This talk explores the methodologies and applications of continual learning, emphasizing its importance in various domains such as automotive, robotics, and natural language processing (NLP). In the automotive domain, we explore incremental learning approaches for adapting gesture recognition systems to individual drivers, enhancing human-vehicle interaction. In robotics, we combine reinforcement and imitation learning to develop a curriculum learning approach to create a surgeon-in-the-loop ophthalmic robotic apprentice. In the NLP domain, we teach LLM agents to learn from their mistakes, adapt to contextually valid changes, and protect against privacy, security, and social engineering attacks.

Bio 
Amr Gomaa is a final-year Ph.D. candidate in Human-centered AI & Applied ML at the German Research Center for Artificial Intelligence (DFKI).
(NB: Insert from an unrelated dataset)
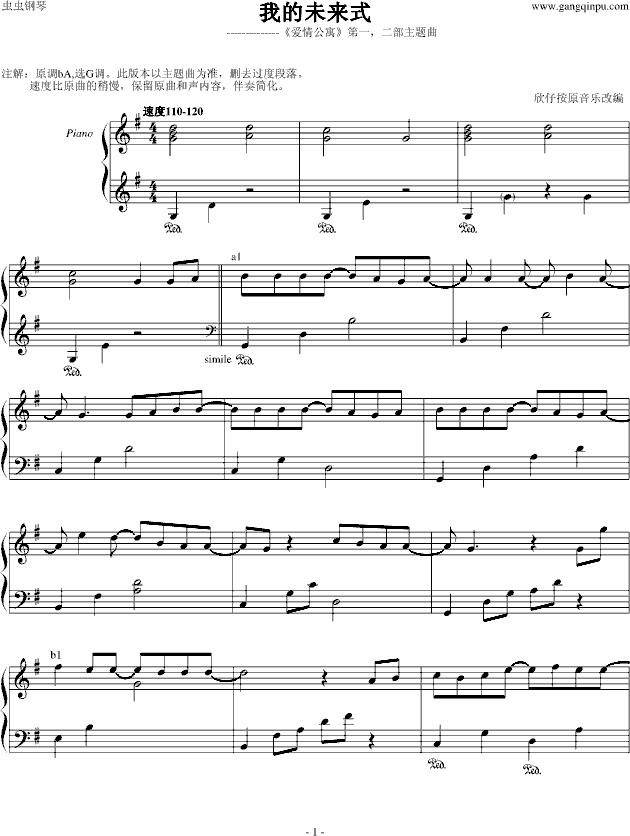 我的未来式《爱情公寓》主题曲钢琴谱该歌谱演奏者为郭采洁,歌曲名称为我的未来式,歌谱类型为钢琴谱。《我的未来式》是郭采洁演唱的一首歌曲,收录在郭采洁发行的专辑《隐形超人》中。

He is also a Visiting Researcher at the University of Cambridge, focusing on feasible ML (specifically LLMs) solutions for HCI design processes and interfaces, and ensuring the robustness of contextual LLM agents in collaboration with Microsoft Cambridge. His work focuses on developing adaptable machine learning systems, including incremental learning, reinforcement learning, and imitation learning, applied to domains such as automotive, robotics, health, and LLM agents.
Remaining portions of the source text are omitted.